Allergy testing should be performed to determine whether your child is allergic to any environmental allergens.
An important step in managing allergy symptoms is avoidance of the allergens that trigger the symptoms.
If your child is allergic to pets, the addition of pets to your family would not be recommended. If your child has allergy symptoms and is allergic to a pet that lives in your home, the only way to have a significant impact on your child's exposure to pet allergens is to find the pet a new home.
If your child is allergic to pests in the home, professional extermination, sealing holes and cracks that serve as entry points for pests, storing foods in plastic containers with lids and meticulous clean-up of food remains can help to eliminate pests and reduce allergen levels.
Dust mites congregate where moisture is retained, and food for them (human skin scales) is plentiful.
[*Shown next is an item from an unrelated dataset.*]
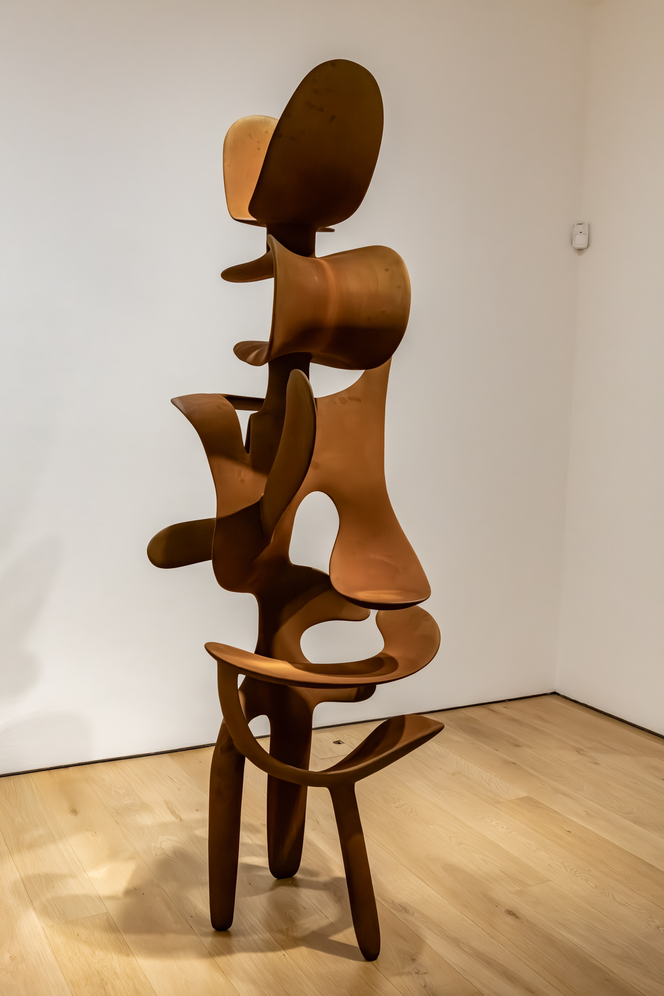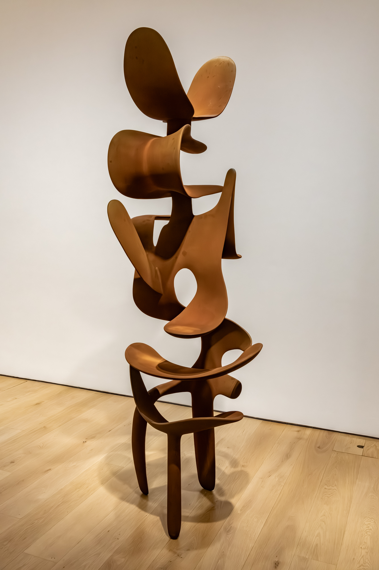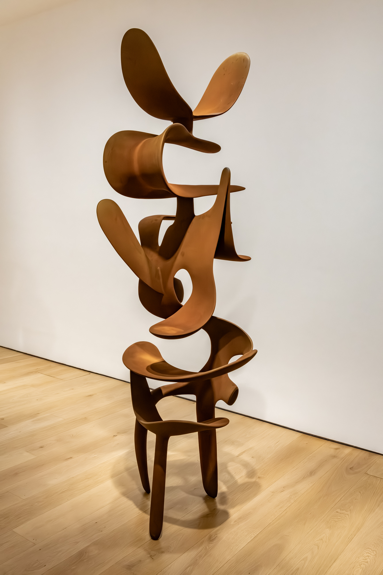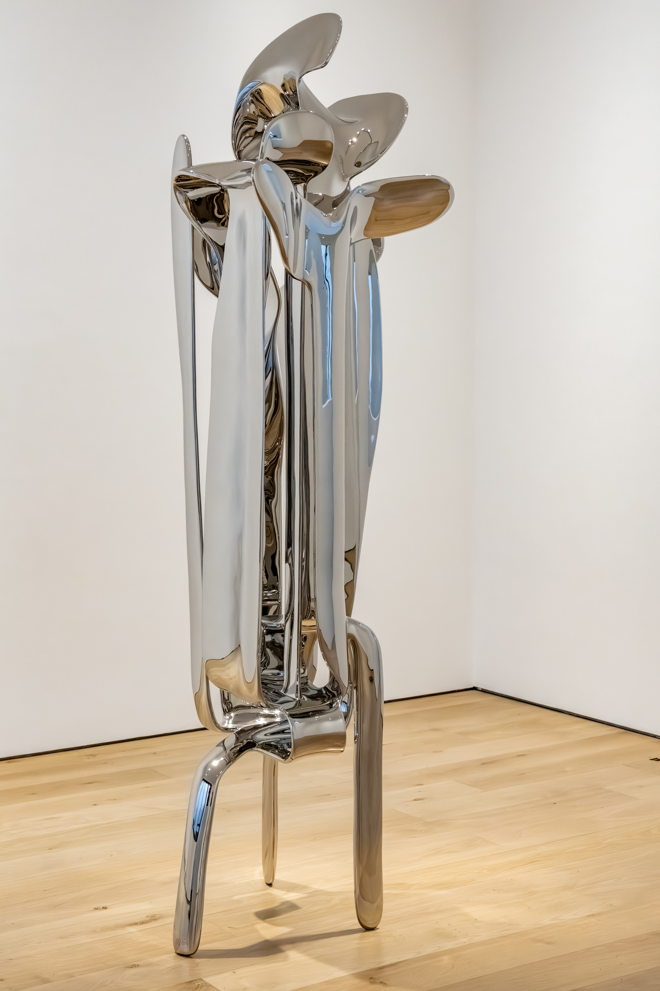 I went back to see this show again and spent quite a bit of time trying to see the polished stainless steel pieces. In the end I find them confusing compared to the coreten and painted broze and aluminium.

They are especially numerous in bedding, upholstered furniture, and rugs. Padded furnishings such as mattresses, box springs, and pillows should be encased in allergen-proof, zip-up covers, which are available through catalogs and specialized retailers. Wash linens weekly and other bedding, such as blankets, every 1 to 2 weeks in hot water. (The minimum temperature to kill mites is 130 degrees Fahrenheit. If you set your water heater higher than 120 degrees, the recommended temperature to avoid accidental scald burns, take care if young children are present in the home.)
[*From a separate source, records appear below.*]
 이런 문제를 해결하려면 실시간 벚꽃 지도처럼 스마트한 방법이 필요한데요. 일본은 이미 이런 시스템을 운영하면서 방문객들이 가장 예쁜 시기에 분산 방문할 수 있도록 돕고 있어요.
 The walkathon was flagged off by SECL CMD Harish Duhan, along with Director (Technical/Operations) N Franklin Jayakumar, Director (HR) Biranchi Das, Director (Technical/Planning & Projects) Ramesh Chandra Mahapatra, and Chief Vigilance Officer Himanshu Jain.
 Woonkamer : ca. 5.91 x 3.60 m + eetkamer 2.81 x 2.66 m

If your child is allergic to outdoor allergens, it can be helpful to use air conditioners when possible. Showering or bathing at the end of the day to remove allergens from body surfaces and hair can also be helpful. For patients with grass pollen allergy, remaining indoors when grass is mowed and avoiding playing in fields of tall grass may be helpful during grass pollen season. Children with allergies to molds should avoid playing in piles of dead leaves in the fall. Pets tracking in and out of the house can also bring pollen and mold indoors.
Medications to Control Symptoms
Your child's allergy treatment should start with your pediatrician, who may refer you to a pediatric allergy specialist for additional evaluations and treatments.
Antihistamines –Taken by mouth, they can help with itchy watery eyes, runny nose and sneezing, as well as itchy skin and hives. Some types cause drowsiness.
Nasal Corticosteroids - Highly effective for allergy symptom control and widely used to stop chronic symptoms. Safe to use in children over long periods of time. Must be used daily for maximal effectiveness.
Allergy Immunotherapy - Immunotherapy, or allergy shots, may be recommended to reduce your child's allergy symptoms. Allergy shots are prescribed only for patients with confirmed allergy. If allergen avoidance and medications are not successful, allergy shots for treatment of respiratory allergies to pollens, dust mites, cat and dog dander, and molds can help decrease the need for daily medication.
Ask your doctor about additional therapies.
Managing Eczema (Atopic Dermatitis):
Frequent application of moisturizers (at least twice daily) is important.
Steroid creams are very effective. When used appropriately, they are very safe.
Oral antihistamines may be recommended to relieve the itching and help break the itch-scratch cycle.
Long-sleeved sleepwear may also help prevent nighttime scratching.
Soaps containing perfumes and deodorants may be too harsh for children's sensitive skin.
Launder new clothes thoroughly before your child wears them. Avoid fabric softener.
Use laundry products that are free of dyes and perfumes and double-rinse clothes, towels and bedding.
Lukewarm soaking baths for 10-20 minutes are good ways to treat the dry skin of eczema. Gently pat your child dry after the bath to avoid irritating the skin with rubbing. Then, liberally apply moisturizing cream right away while the skin is still damp.
Sometimes eczema, particularly when severe, may be associated with food allergies (e.g., milk, egg, peanut). Further evaluation may be needed to identify the triggers.